For suppose that $15=kr^a$, $31=kr^b$, and $104=kr^c$ where $a$, $b$, $c$ are integers ($r$ need not be an integer, and $a$, $b$, $c$ need not be consecutive). Then $31=kr^ar^{b-a}=15r^{b-a}$. Similarly, $104=31r^{c-b}$. Without loss of generality, we may assume that $r>1$. So $b-a$ and $c-b$ are positive integers.

Let $b-a=m$ and $c-b=n$. Then $$\frac{31}{15}=r^m \qquad \text{and}\qquad \frac{104}{31}=r^n.$$

Take the $n$-th power of $31/15$, and the $m$-th power of $104/31$. Each is $r^{mn}$. It follows that
$$\left(\frac{31}{15}\right)^n=\left(\frac{104}{31}\right)^m.$$

From this we conclude that $$31^{m+n}=15^n \cdot 104^m.$$ This is impossible, since $5$ divides the right-hand side, but $5$ does not divide the left-hand side.

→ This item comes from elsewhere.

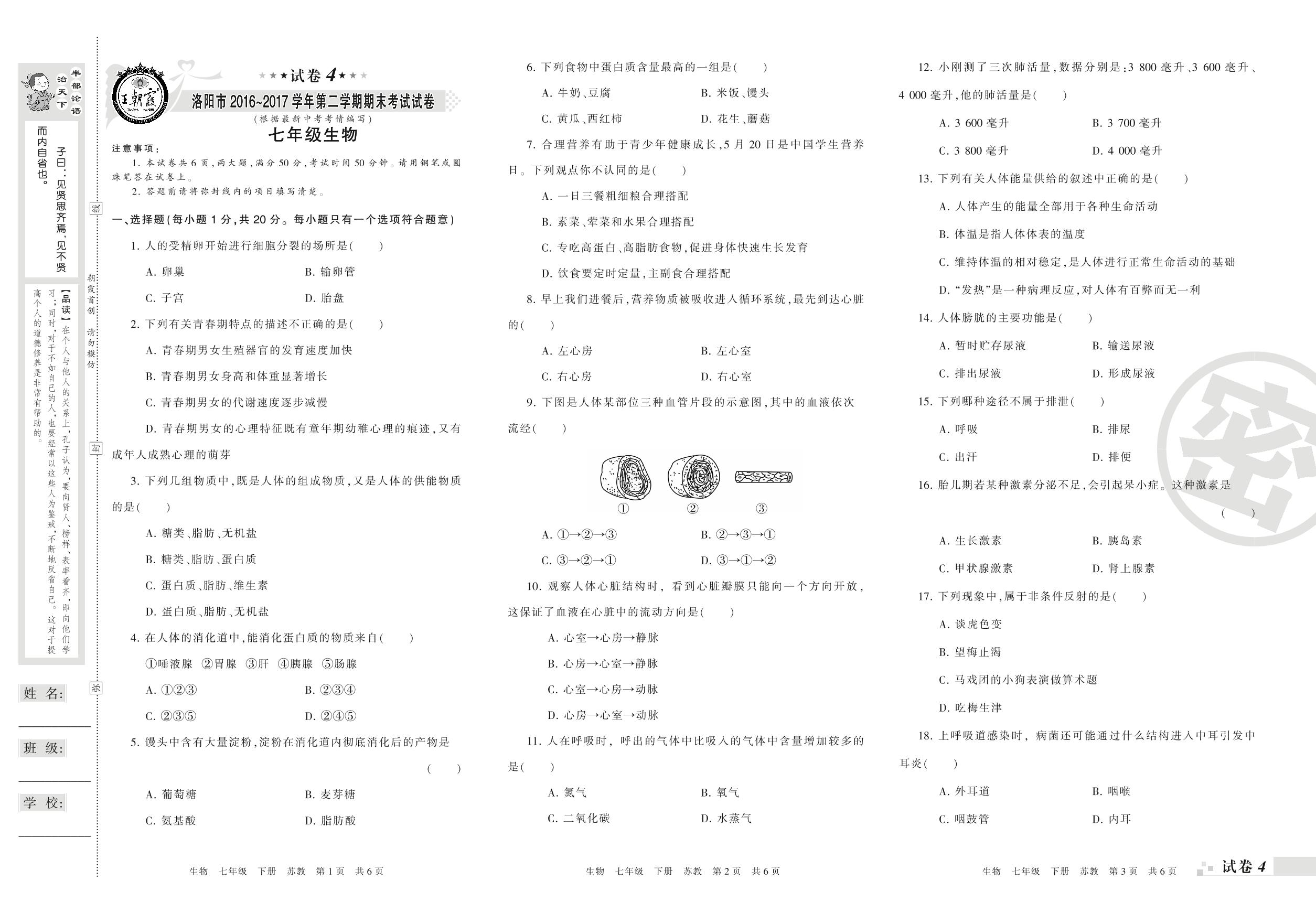 2016-2017学年第二学期洛阳市七年级生物试卷(苏教版)【4】
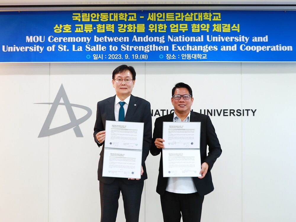 [대학저널 온종림 기자] 안동대학교가 지난 19일 대학 본관에서 필리핀 바콜로드시에 위치한 세인트라살(University of Saint La Salle)대학교와 학술교류협정을 체결했다.

Comment: Have we really answered the question? It asks us to place $3$ numbers between $15$, $31$, $104$ "in such a way that they would be successive members of a geometric progression." Who does "they" refer to? Certainly not all $6$ numbers, since already as we have seen, $15$, $31$, and $104$ cannot all be members of a (single) geometric progression of any kind.

But maybe "they" refers to the interpolated numbers! Then there are uncountably many solutions, and even several solutions where the interpolated numbers are all integers. For example, we can use $16$, $32$, $64$. The numbers $15$ and $31$ could be a heavy-handed hint pointing to this answer.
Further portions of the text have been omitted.